From that moment on, China’s strategic planners have been preparing “the circumstances” that will deter U.S. intervention in a cross-Strait conflict. Known as the anti-access, area denial strategy, it relies on a fleet of attack submarines and anti-ship ballistic missiles to keep the U.S. Navy out of the Taiwan Strait where they could expect “a sea of fire.” For the next two decades, the ships made only rare transits until the Trump administration changed the paradigm and made them a relatively routine operational practice, with one exception: The last passage through those international waters by a carrier task force, America’s ultimate show of force, was in 2007.
Enter Congress at another pivotal moment in U.S.-China relations. Around the same time that General Li was issuing his inflammatory threat against Taiwan, Sen. Josh Hawley (R-Mo.) introduced the Taiwan Defense Act that would bolster the TRA’s reference to “resist[ing]” Chinese aggression against Taiwan. The act would require the Department of Defense to demonstrate to Congress that it is actually preparing to undertake that mission.
The Hawley bill focuses on the danger of a PRC “fait accompli” strategy. That could involve a lightning strike to decapitate the Taiwan government and/or immobilize its defenses together with a special operation to capture key governmental and installations — all as Washington was enmired in mulling “the circumstances” for a possible U.S. intervention.

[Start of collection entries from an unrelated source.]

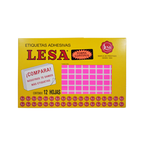 Paquete con 12 hojas con etiquetas continuas de forma rectangular color rosa del no.01
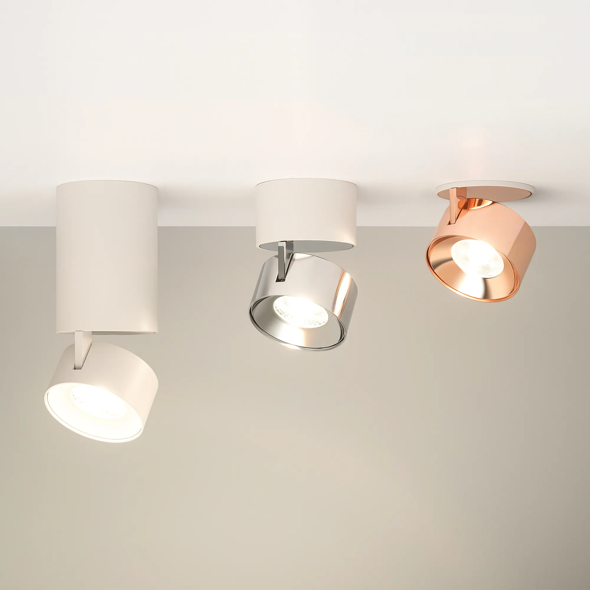 Мощность 9 Вт, св. поток 550 лм, 79 лм/Вт, теплый 3000 K, CRI90, угол 36°. Цвет Хром, круглый корпус из Алюминий, степень защиты IP20. Размер: 78*62 мм. Монтаж На базу PLURIO. Драйвер 38 В, 200 мА, пульсация <1%.
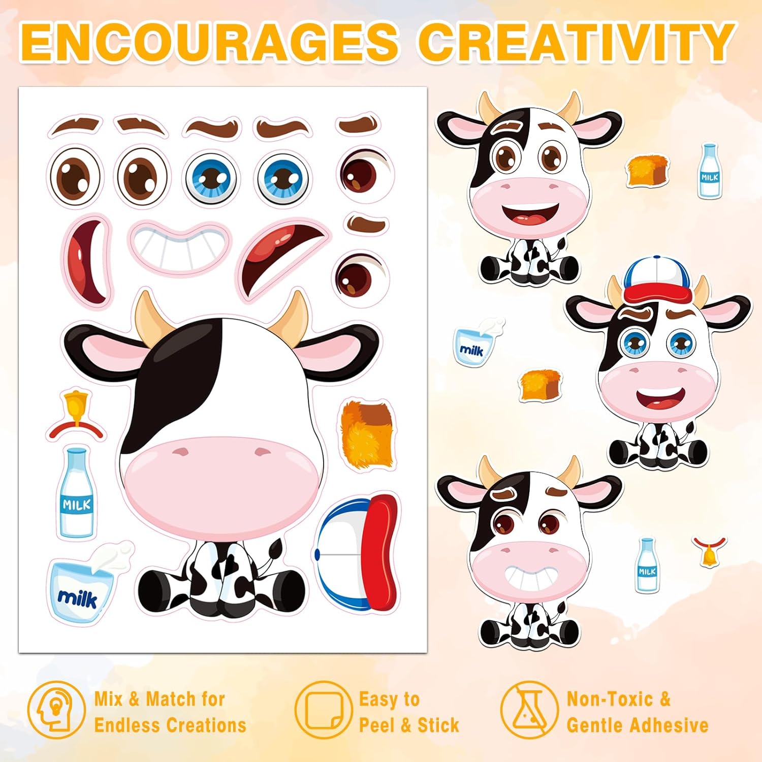 Aowplc 48 Pcs Make-a-Face Sticker Sheets for Kids 12 Animal Designs for Party Favors Crafts Activities & Goodie Bag Stuffers

While the TDA may be seen as adding little to the TRA’s call for contingency planning, it highlights the intimate and sometimes conflictual relationship between capabilities and intentions. It was not for nothing that Deng Xiaoping told his colleagues to “hide our capabilities and bide our time.” He knew that capabilities also convey intentions, and he deemed it too soon to alert the West on what the communist regime intended. Xi Jinping has been less shy.

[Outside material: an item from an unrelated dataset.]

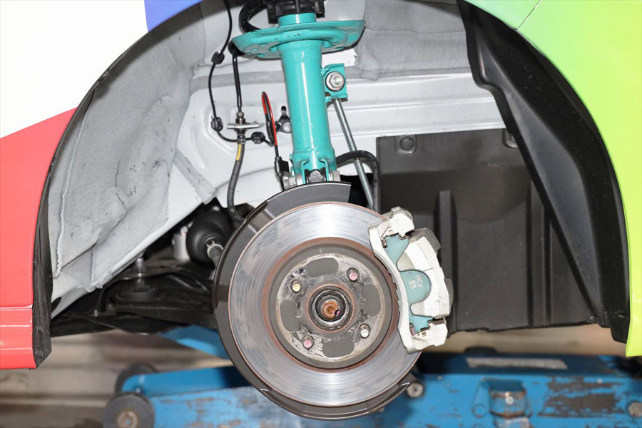 「ヤリスカップカー」のフロントサスペンション。リアサスペンションとともに、内部構造やオイルなどが見直された専用セッティングのものが装着されています
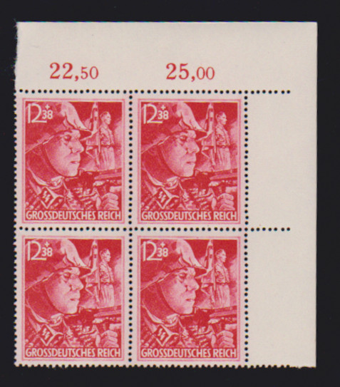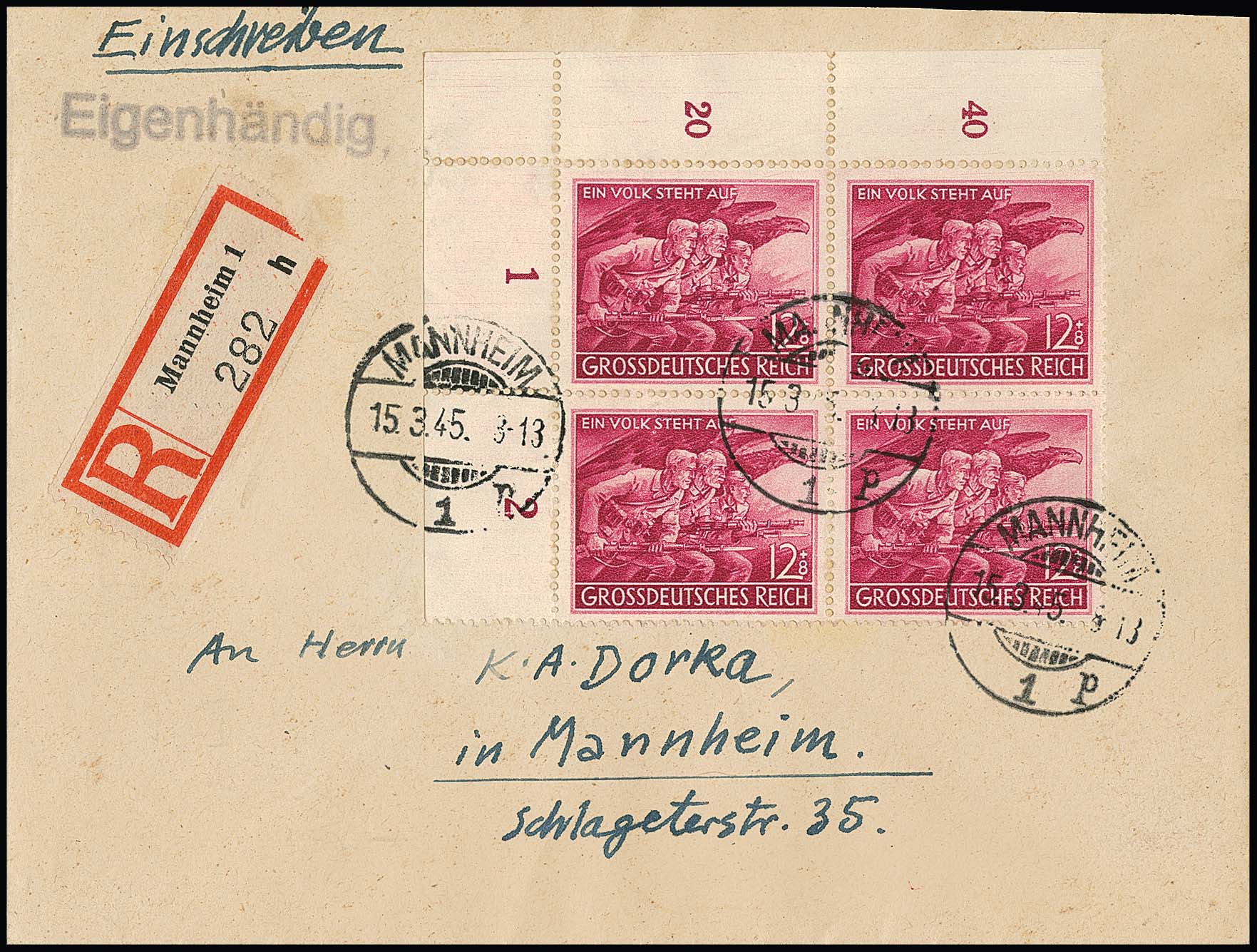 12 + 8 Pfg. Volkssturm im Viererblock aus der linken oberen Bogenecke auf Orts-R-Brief "Eigenhändig" aus Mannheim 1945

The TRA spoke vaguely about capabilities to “resist.” The Chinese defense officials who confronted Nye in 1995 wanted to know what Washington actually would do. His hesitant, ambiguous response (and silence on the TRA) was given when America enjoyed unchallenged military superiority over the PLA and its meager naval elements.
Now, a quarter-century later, the situation, the circumstances, have dramatically changed and whatever trepidation Washington’s officials may have felt then about conflict with China over Taiwan have compounded exponentially. At least, that’s what PLA officials and Communist Party hawks say they believe when they talk of sinking one or two carriers to kill up to 10,000 sailors and “teach America a lesson.” For them, the capabilities ratio has been so radically transformed where China already has an asymmetrical regional advantage, that U.S. intentions have also been affected — as have Beijing’s.
By requiring a constant strengthening of U.S. capabilities, explicitly devoted to the defense of Taiwan, the TDA would signal clearer U.S. intentions. The very filing of the legislation puts the China-Taiwan-U.S. triangular relationship at a new inflection point. If it passes Congress and is signed into law by the president, it will move U.S. policy just one step short of an open defense commitment to Taiwan, equivalent to the former U.S.-Republic of China Mutual Defense Treaty.
If it is withdrawn or fails to pass Congress because of perceived administration opposition, or if it does pass and the president refuses to sign or vetoes it, the signal to Taiwan, China, the region and the world would be devastating to American credibility. Now that the TDA exists, it must be enacted and signed into law.
Joseph Bosco served as China country director for the Secretary of Defense from 2005 to 2006 and as Asia-Pacific director of humanitarian assistance and disaster relief from 2009 to 2010. He is a nonresident fellow at the Institute for Corean-American Studies and the Institute for Taiwan-American Studies, and has held nonresident appointments in the Asia-Pacific program at the Atlantic Council and the Southeast Asia program at the Center for Strategic and International Studies.